--- START ---

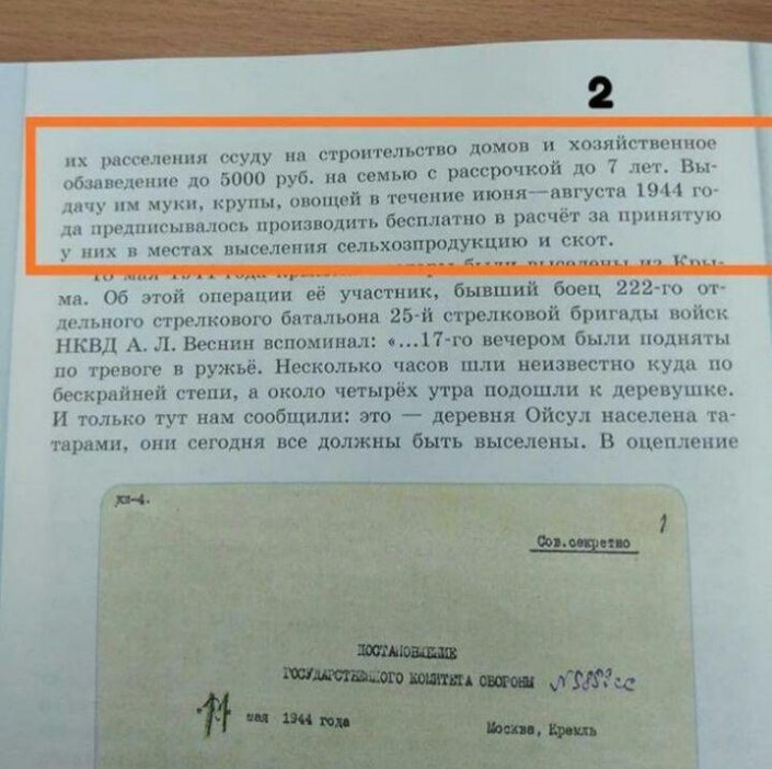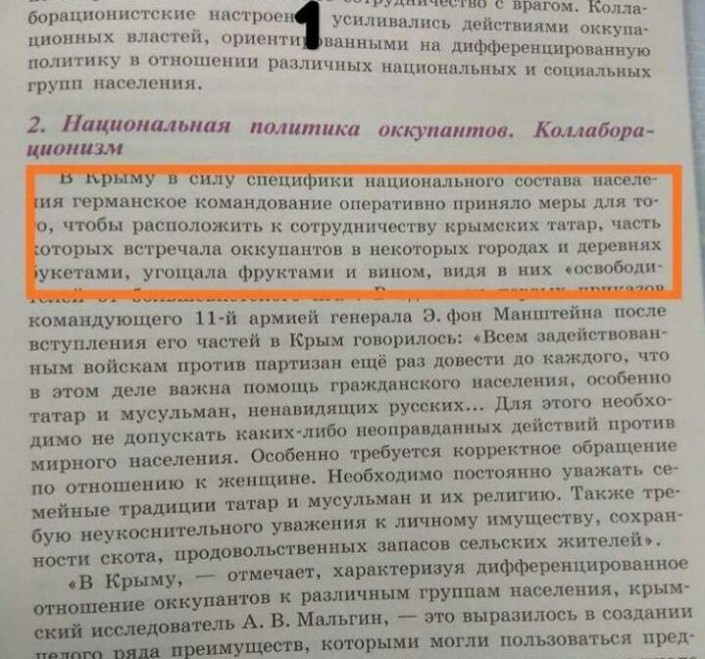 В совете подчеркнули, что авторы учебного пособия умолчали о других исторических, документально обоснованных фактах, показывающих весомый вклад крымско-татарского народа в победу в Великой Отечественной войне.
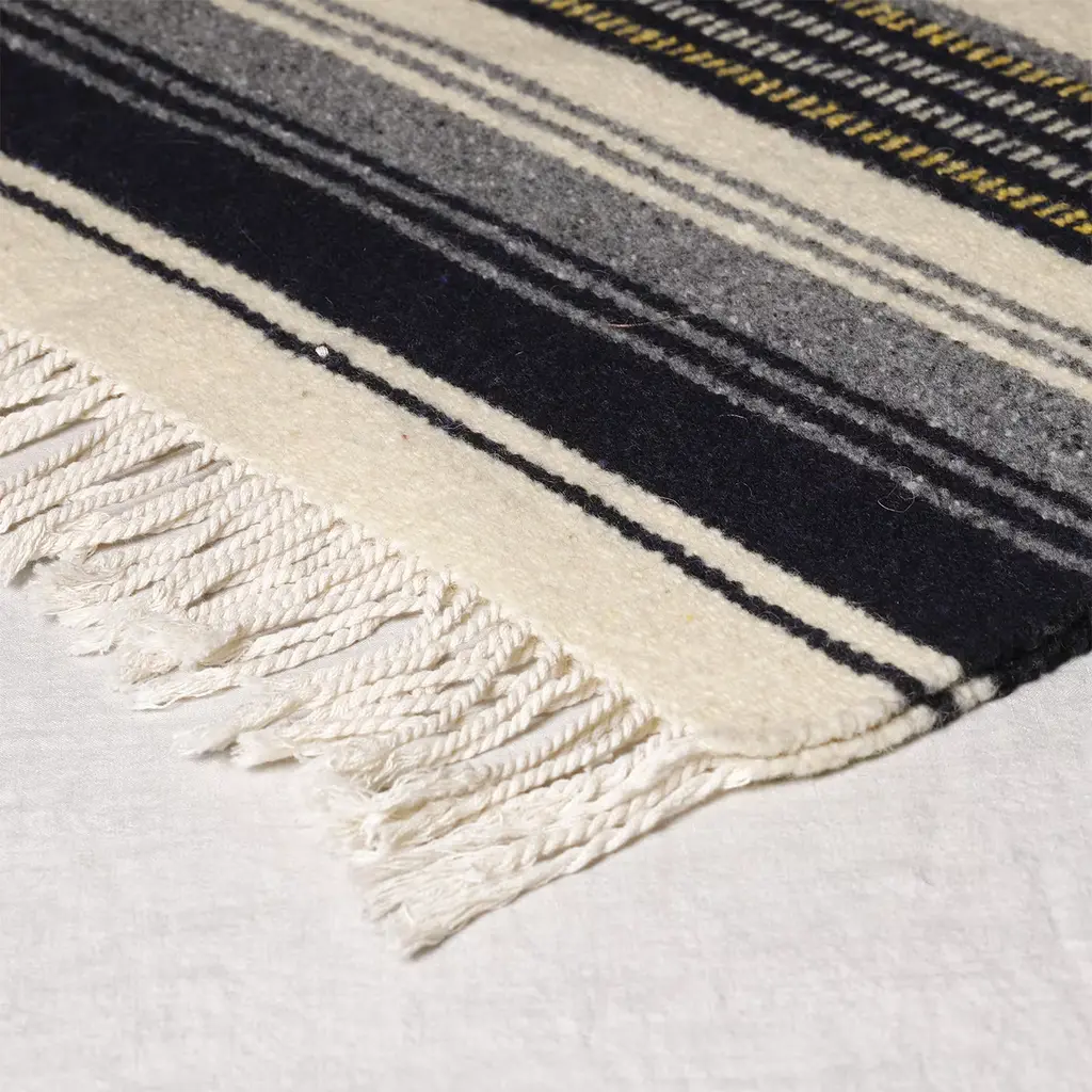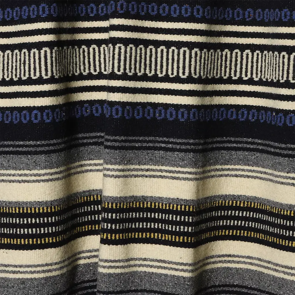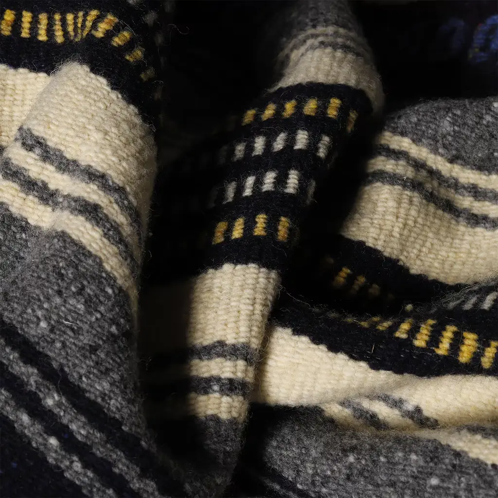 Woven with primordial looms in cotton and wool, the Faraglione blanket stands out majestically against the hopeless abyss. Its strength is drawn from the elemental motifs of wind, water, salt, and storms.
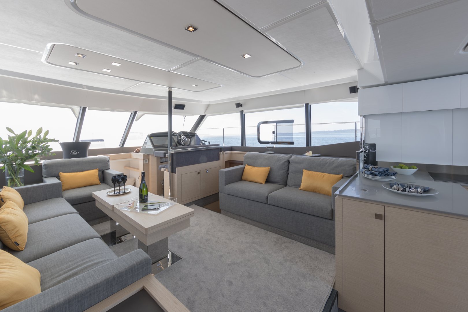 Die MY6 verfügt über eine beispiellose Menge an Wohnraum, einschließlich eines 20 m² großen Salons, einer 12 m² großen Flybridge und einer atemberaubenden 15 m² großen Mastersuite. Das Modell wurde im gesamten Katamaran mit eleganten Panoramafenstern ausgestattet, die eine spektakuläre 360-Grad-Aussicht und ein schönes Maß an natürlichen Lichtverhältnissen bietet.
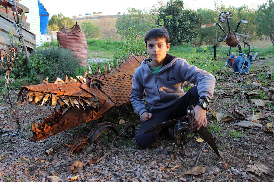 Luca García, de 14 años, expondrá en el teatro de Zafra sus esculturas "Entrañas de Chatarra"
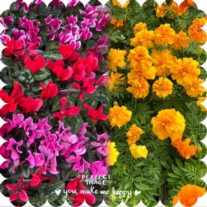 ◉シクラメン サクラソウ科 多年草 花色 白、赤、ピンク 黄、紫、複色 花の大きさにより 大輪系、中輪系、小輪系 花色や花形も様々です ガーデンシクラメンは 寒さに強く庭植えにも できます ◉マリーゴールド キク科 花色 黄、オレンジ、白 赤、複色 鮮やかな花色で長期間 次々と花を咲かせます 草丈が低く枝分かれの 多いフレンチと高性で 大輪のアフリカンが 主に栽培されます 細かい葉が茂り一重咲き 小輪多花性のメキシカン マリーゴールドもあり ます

--- END ---
--- START ---

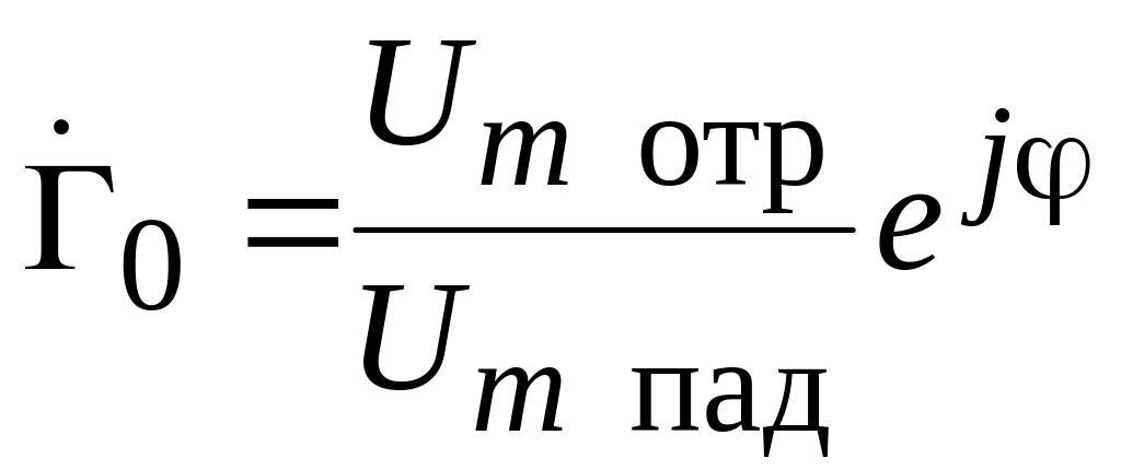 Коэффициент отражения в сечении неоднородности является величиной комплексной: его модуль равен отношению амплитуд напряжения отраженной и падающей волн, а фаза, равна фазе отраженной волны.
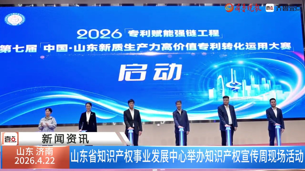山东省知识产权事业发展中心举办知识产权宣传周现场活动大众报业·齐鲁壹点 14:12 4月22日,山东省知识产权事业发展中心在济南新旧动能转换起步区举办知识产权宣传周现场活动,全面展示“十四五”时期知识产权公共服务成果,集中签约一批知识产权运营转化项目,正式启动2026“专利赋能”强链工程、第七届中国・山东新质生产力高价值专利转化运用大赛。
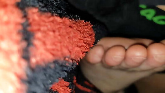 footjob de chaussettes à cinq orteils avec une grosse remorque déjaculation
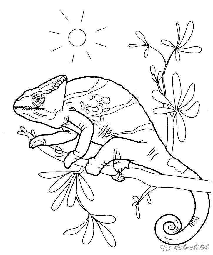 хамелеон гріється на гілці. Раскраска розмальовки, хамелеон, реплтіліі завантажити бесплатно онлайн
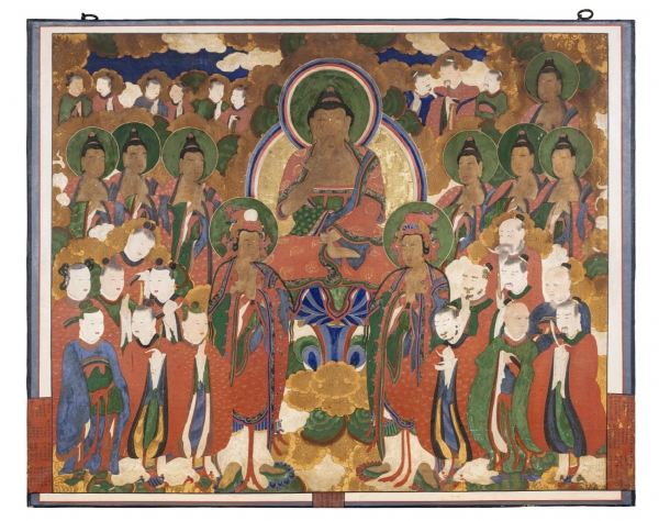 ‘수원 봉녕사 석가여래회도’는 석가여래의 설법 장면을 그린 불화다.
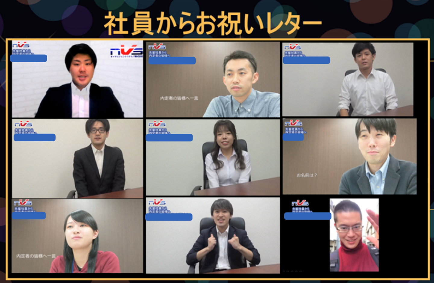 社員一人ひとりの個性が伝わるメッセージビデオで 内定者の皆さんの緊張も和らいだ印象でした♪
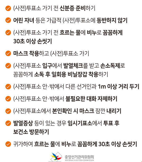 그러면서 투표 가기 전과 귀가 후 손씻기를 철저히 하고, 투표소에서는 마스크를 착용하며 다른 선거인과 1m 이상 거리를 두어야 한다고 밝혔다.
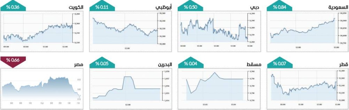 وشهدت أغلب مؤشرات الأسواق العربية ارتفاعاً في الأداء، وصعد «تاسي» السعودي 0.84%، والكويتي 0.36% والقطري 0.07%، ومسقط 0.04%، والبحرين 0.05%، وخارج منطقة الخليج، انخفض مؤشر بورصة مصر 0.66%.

--- END ---

[Exercise directions] Give again, exactly as written above, each line from the one that has "В совете подчеркнули, что" to the one that has "Woven with primordial", both included; omit the pictures.

[Response]
 В совете подчеркнули, что авторы учебного пособия умолчали о других исторических, документально обоснованных фактах, показывающих весомый вклад крымско-татарского народа в победу в Великой Отечественной войне.
 Woven with primordial looms in cotton and wool, the Faraglione blanket stands out majestically against the hopeless abyss. Its strength is drawn from the elemental motifs of wind, water, salt, and storms.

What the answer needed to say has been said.